Венеция, 25 апреля 1507 года,
Ка д'Оро.
Синьоре N., замок Аскольци
ди Кастелло
«Десять дней бродил я по пескам. Шел ночью, а днем пытался спать, ибо всякое движение под палящим солнцем приносило невероятную усталость и жажду. К тому же я боялся быть замеченным. Знаете, синьора, пустыня скрывает звуки окружающего мира, поэтому неприятности могли появиться неожиданно, из-за спины.
Однажды я попал в страшную бурю, и два дня пролежал, не поднимая головы, укрывшись плащом и постоянно стряхивая с себя песок, чтобы не быть окончательно занесенным.

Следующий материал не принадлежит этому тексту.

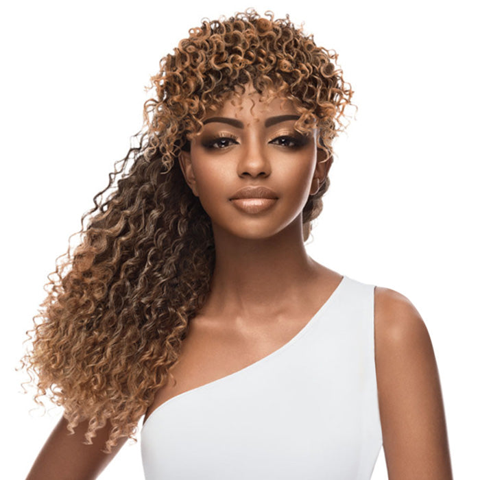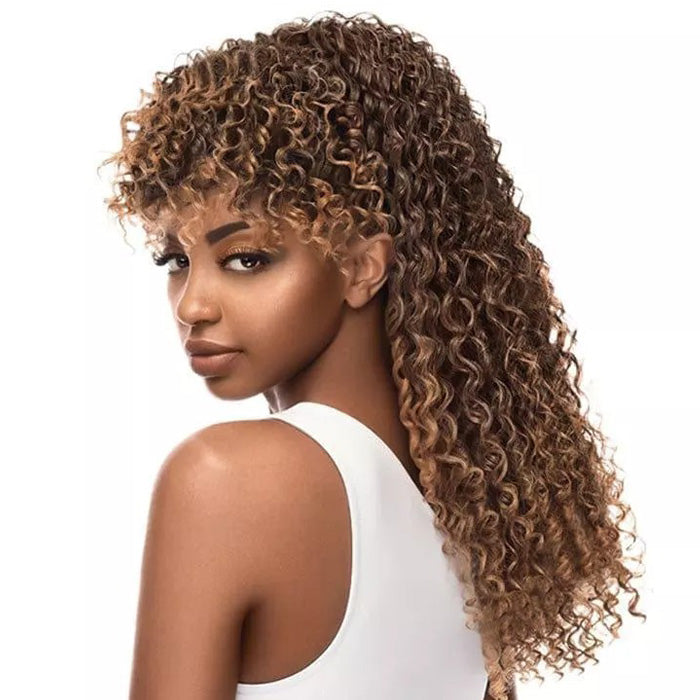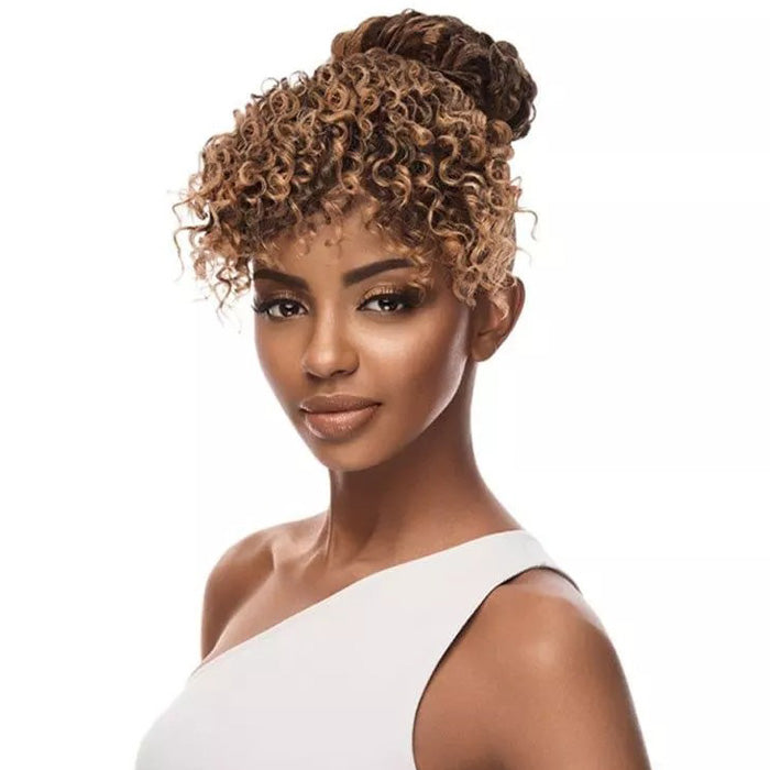 - Clip on bangs + drawstring construction

Именно так образуются барханы — натолкнувшись на препятствие, песчинки цепляются одна за другую, и скоро образуется холм из песка. Поскольку мне совсем не хотелось оказаться его основанием, я постоянно шевелился, переползал с места на место. Однако эта песчаная непогода была мне на пользу. Теперь я мог не бояться погони — песок занес мои следы.
Когда же ветер утих, я, к ужасу своему, обнаружил, что у меня больше нет никаких ориентиров. Ползая по песку, я совсем сбился с курса и теперь шел наугад в раскаленном безбрежном море песка. В этом еще одно коварство пустыни: пейзаж быстро меняется, и через несколько дней вы можете не узнать той местности, где были раньше.
Через три дня блужданий я увидел вдалеке караван верблюдов. Осторожно, стараясь оставаться незамеченным, я устремился к ним. Но быстро сообразил — по солнцу — что они продвигаются не к морю, а напротив — к югу. Тогда я дождался, когда последний нагруженный поклажей верблюд скроется за барханами и по следам каравана двинулся в противоположную сторону. Так прошло еще полтора дня.
Мое путешествие было прервано неожиданным образом. Это случилось под вечер. Как обычно, я проснулся на заходе солнца, когда спадает жара, и собрался уже вставать, как вдруг почувствовал холодное лезвие ножа у горла. Я чуть повернул голову и увидел мальчика-бедуина. За ним толпились смотревшие на меня враждебно его соплеменники, вооруженные кто саблями, кто просто палками.
Молчание было, наконец, прервано одним из них. К моему удивлению выяснилось, что говорят они вовсе не на арабском языке. Должно быть, они принадлежали к какому-то племени, отрезанному песками от остального мира. Этот факт испугал меня, ибо еще у Абу Хасана я слышал много рассказов о кочующих бедуинах, чьи нравы и обычаи приводили в ужас своей дикостью.
Я был крепко связан и отведен в их небольшое поселение, располагавшееся неподалеку. Примитивность и нищета их жизни вызывали у меня жалость. Их бессилие перед голодом и болезнями сделало их крайне суеверными. Пустыня постоянно требовала новых жертв, чтобы добыть хоть несколько капель воды, коих ожидать приходилось месяцами. К моему несчастью, они слишком дорожили своим немногочисленным скотом, состоящим в основном из коз, а потому отдавали в жертву пустыне людей. Я был для них подарком судьбы, посланным, чтобы задобрить богов и спасти от затянувшейся засухи.